--- START ---

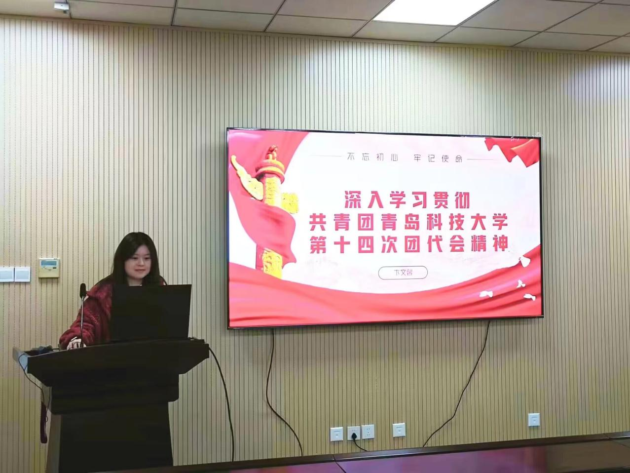团课伊始,卞文馨向同学们简单介绍了学校团代会的主要议程以及召开团代会的重要意义,接着带领同学们学习了校党委书记李兴伟讲话内容以及共青团山东省委副书记尚胜波讲话内容,帮助同学们全面认识了团代会。卞文馨向同学们传达了团代会会议精神,激励同学们高举习近平新时代中国特色社会主义思想伟大旗帜,以党的二十大精神、团的十九大精神和学校第十一次党代会精神为指引,坚定信心、攻坚克难,埋头苦干、真抓实干,奋勇争先、乘势而上,争当伟大理想的追梦人,争做伟大事业的生力军,为学校加快建设“特色鲜明、走在前列”的高水平大学贡献青春智慧与力量,为全面建设社会主义现代化国家、全面推进中华民族伟大复兴而团结奋斗!
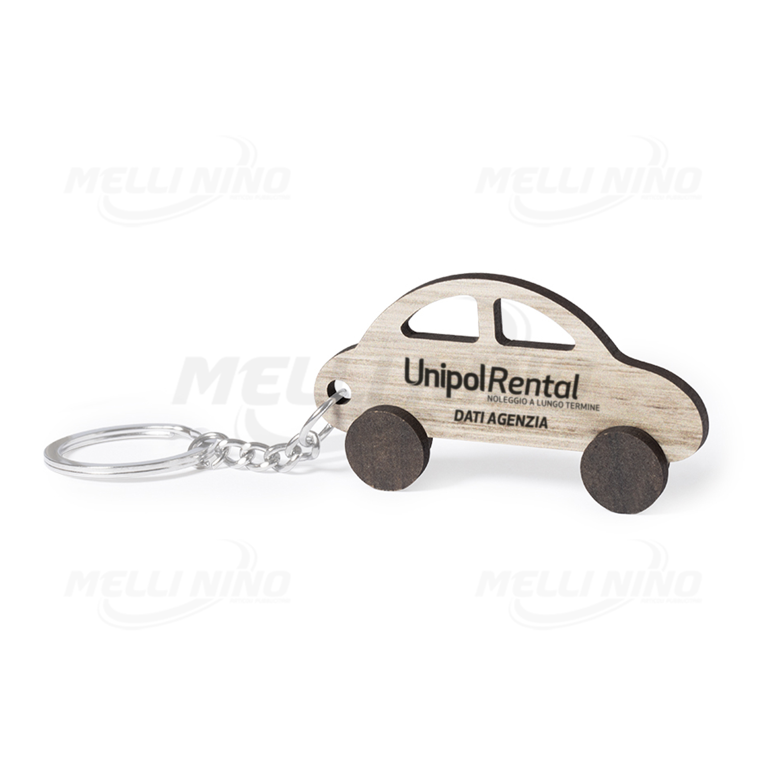 Portachiavi Legno “Car” personalizzato, design a forma di auto realizzato in legno naturale con finitura bicolore
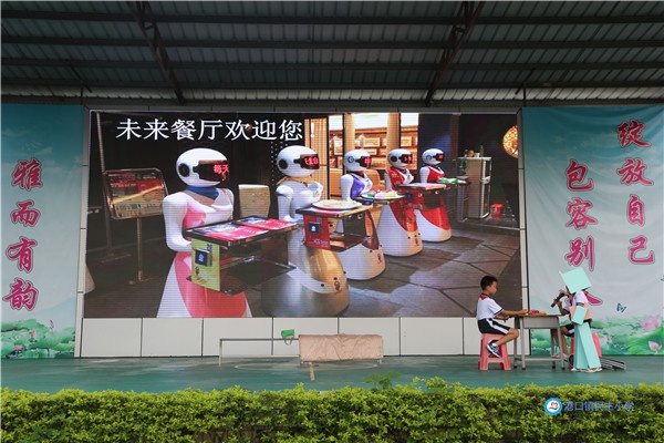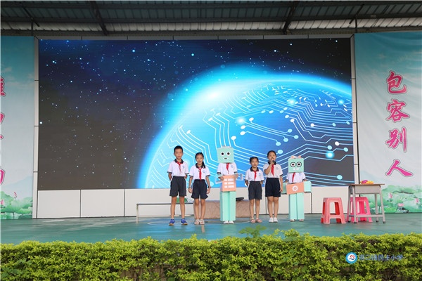 首先,四(3)班的孩子們?yōu)榇蠹冶硌萘司脑O計的科技校園?。骸吨悄苌?,美麗人生》。劇中生動形象的生活場景,帶領師生們體驗了一把享受智能生活的一天。同學們紛紛表示生活中那些精準、貼心的智能設備,真的太方便了,有了它們我們的生活更精彩、更便捷、更舒適。
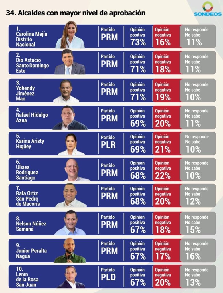 Luego de Mejía, en la medición se ubican en el top 5 sus homólogos Dío Astacio, de Santo Domingo Este; Yohendy Jiménez, de Mao; Rafael Hidalgo, de Azua; y Karina Aristy, en Higüey.
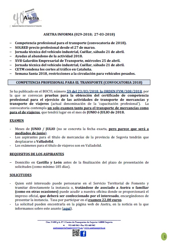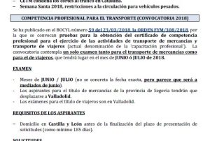 Competencia profesional para el transporte (convocatoria de 2018). SOLRED precio profesional desde el 27 de marzo. Jornada técnica del vehículo industrial, Cuéllar, sábado 21 de abril. Ayudas al abandono de la actividad 2018. XVII Galardón [...]
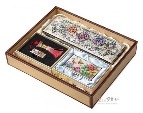 자개필함세트-나전으로 핀 모란(필함,명함케이스,usb32G)
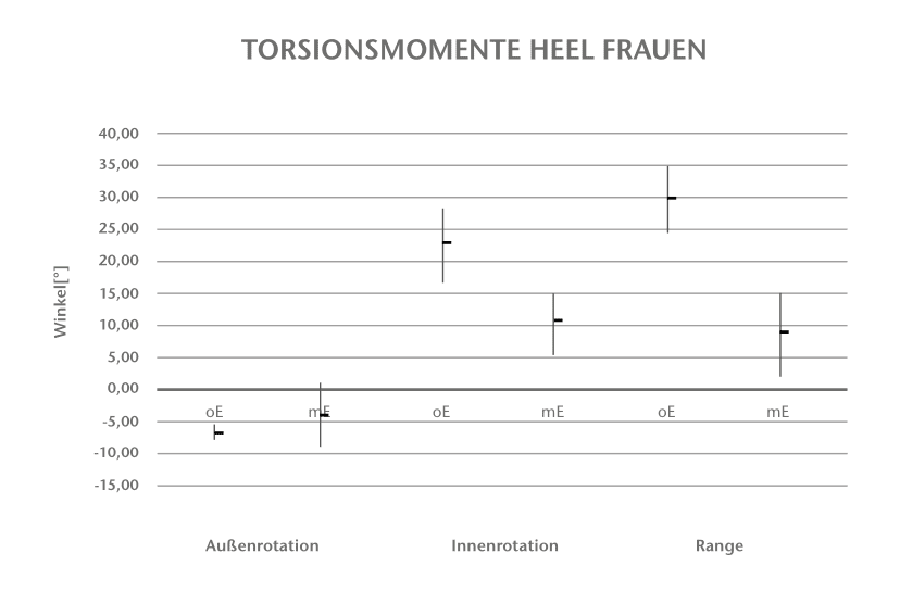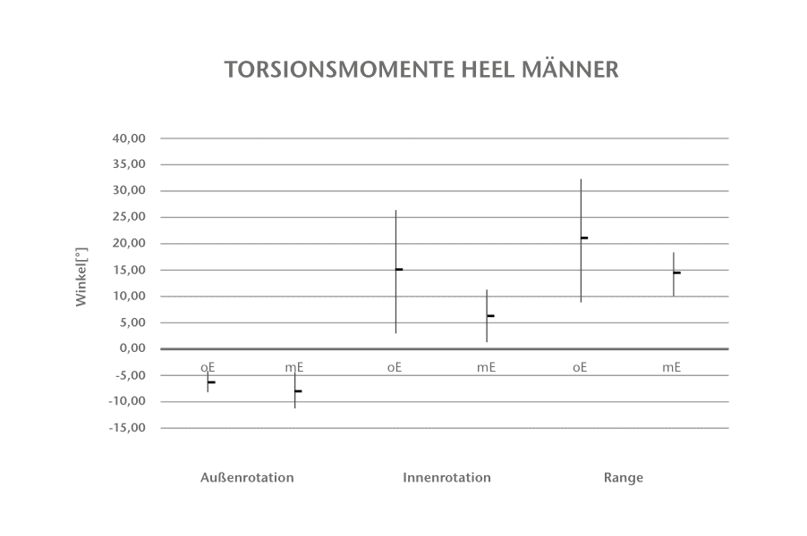 Die Vergleiche der Torsionsmomentmessungen an der Messstelle Heel (Abb. 7 u. 8) weisen nur bei Innenrotationsmoment und Range eine statistische Signifikanz bei Messungen mit Einlage auf. Das Innenrotationsmoment verringert sich bei den männlichen Probanden durch die Einlage im Mittel von 15,00 Nmm auf 5,56 Nmm (pm = 0,031). Die Range zwischen Außenrotations- und Innenrotationsmoment verkleinert sich um 6,6 Nmm (pm = 0,047).

--- END ---

Your assignment:
Please repeat, exactly as written, the lines in the records above, starting with the one that has "首先,四(3)班的孩子們?y" and going on through the one that has "자개필함세트-나전으로 핀 모란(필함,명함케이스,usb32G)". Pictures are to be left out.

Exercise result:
 首先,四(3)班的孩子們?yōu)榇蠹冶硌萘司脑O計的科技校園?。骸吨悄苌?,美麗人生》。劇中生動形象的生活場景,帶領師生們體驗了一把享受智能生活的一天。同學們紛紛表示生活中那些精準、貼心的智能設備,真的太方便了,有了它們我們的生活更精彩、更便捷、更舒適。
 Luego de Mejía, en la medición se ubican en el top 5 sus homólogos Dío Astacio, de Santo Domingo Este; Yohendy Jiménez, de Mao; Rafael Hidalgo, de Azua; y Karina Aristy, en Higüey.
 Competencia profesional para el transporte (convocatoria de 2018). SOLRED precio profesional desde el 27 de marzo. Jornada técnica del vehículo industrial, Cuéllar, sábado 21 de abril. Ayudas al abandono de la actividad 2018. XVII Galardón [...]
 자개필함세트-나전으로 핀 모란(필함,명함케이스,usb32G)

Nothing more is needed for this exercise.